E o melhor é que a literatura captou a beleza e a plenitude da vida campestre inglesa. Nutriu-se dela. A ponto de se desenvolver na Inglaterra uma novelística de base pastoril.
Curiosamente, a maior nação exportadora de produtos manufaturados do planeta voltava-se para o mundo rural. Se a revolução Industrial e o domínio dos mares significavam as principais características da economia inglesa, os vilarejos recônditos e a calma dos campos se apresentavam como a marca maior da sua literatura. Ou seja, mais as cidades se tornavam duras, poluídas e superpovoadas, mais a imaginação dos escritores clamava por lugares sossegados para se viver. Os escritores descobriam as verdadeiras fontes da vida: simplicidade, natureza, paz.

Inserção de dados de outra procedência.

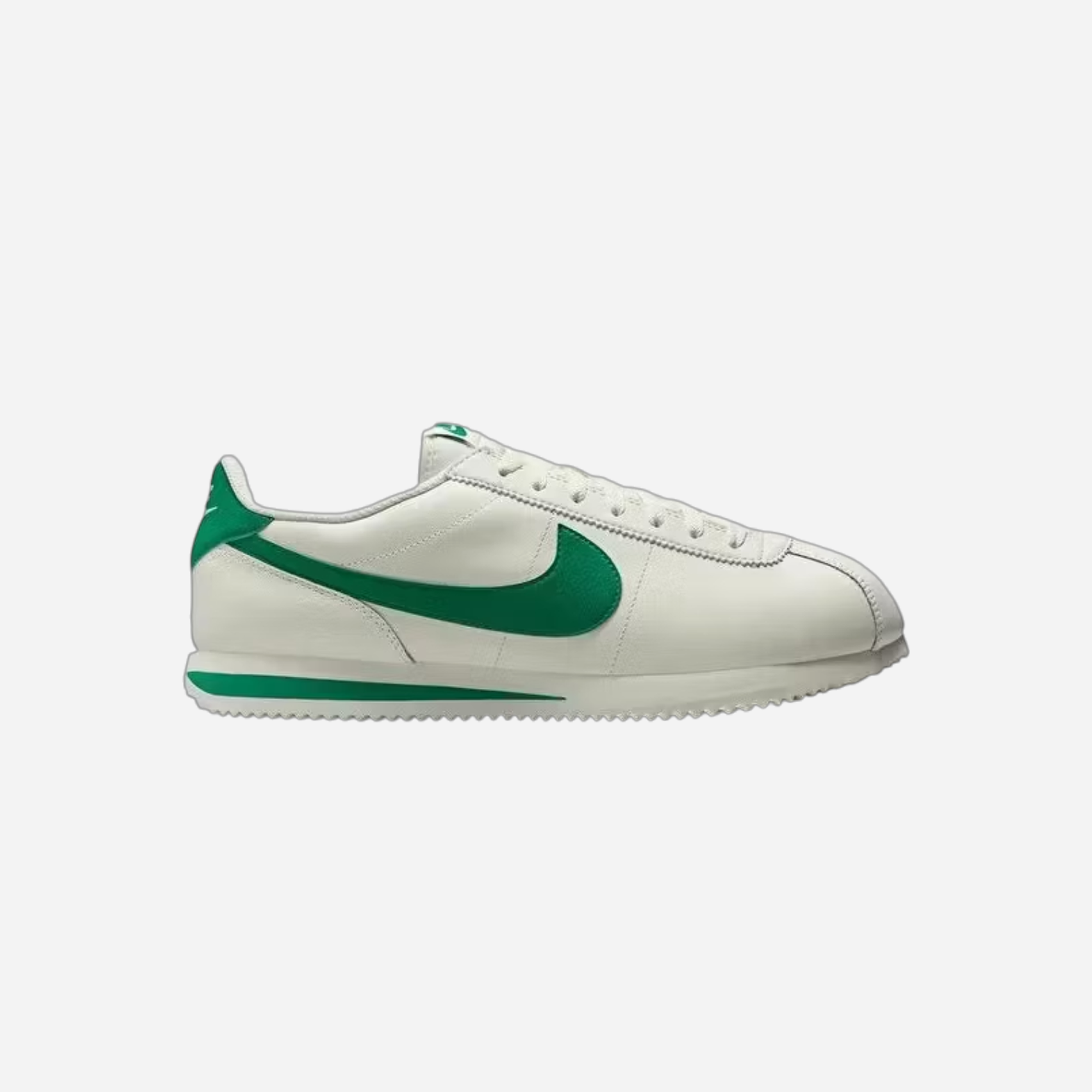 Nike Cortez Sail Stadium Green combines classic silhouette with modern colorway. Premium leather construction ensures durability and comfort. Iconic design perfect for casual wear and sneaker collections. Versatile neutral tones pair effortlessly with any outfit. Timeless style meets contemporary appeal.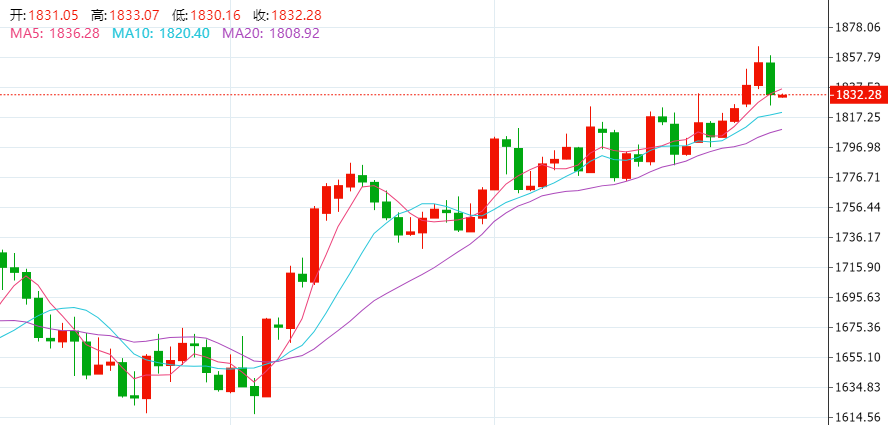 周四(1月5日)由于美元和美债收益率双双走高,现货黄金止住四日连创至少半年新高之势,在ADP就业数据公布之前就开始走弱,数据公布后更是短线下挫超7美元,随后扩大跌幅,一度跌破1830美元并回吐前2个交易日涨幅,收跌1.18%,报1832.7美元/盎司;现货白银新年3个交易日连续下跌,收跌2.21%,报23.24美元/盎司。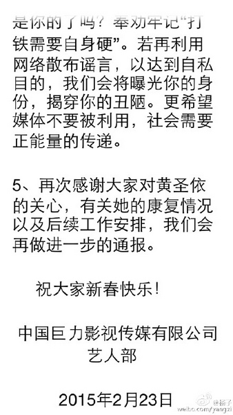 上一页 巨力传媒发声明否认黄圣依借奥斯卡炒作(图)(5) 查看下一页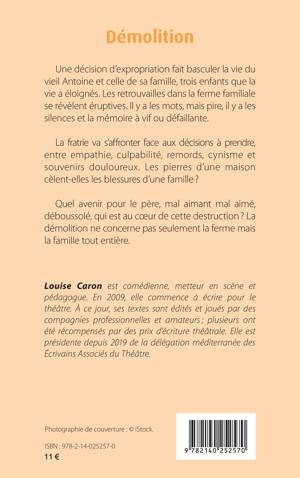 Une décision d’expropriation fait basculer la vie du vieil Antoine et celle de sa famille, trois enfants que la vie a éloignés. Les retrouvailles dans la ferme familiale se révèlent éruptives. Il y a les mots, mais pire, il y a les silences et la mémoire à vif ou défaillante. La fratrie va s’affronter face aux décisions à prendre, entre empathie, culpabilité, remords, cynisme et souvenirs douloureux. Les pierres d’une maison cèlent-elles les blessures d’une famille ? Quel avenir pour le père, mal aimant mal aimé, déboussolé, qui est au coeur de cette destruction ? La démolition ne concerne pas seulement la ferme mais la famille tout entière.

Romances como Tess, de Thomas Hardy, e Razão e sensibilidade, de Jane Austen - para ficarmos apenas nesses dois monumentos da literatura pastoril - nos ensinam que a arte existe para tornar nossas vidas efetivamente aprazíveis e serenas. As mudanças que desejamos por vezes operar no mundo real, nós as realizamos inicialmente na literatura e na arte. O imaginário sempre dá o primeiro passo para a transformação do mundo. Assim penso.
É que os livros, como os lírios dos campos, só podem ser livres.
Ivan Alves Filho, historiador e jornalista.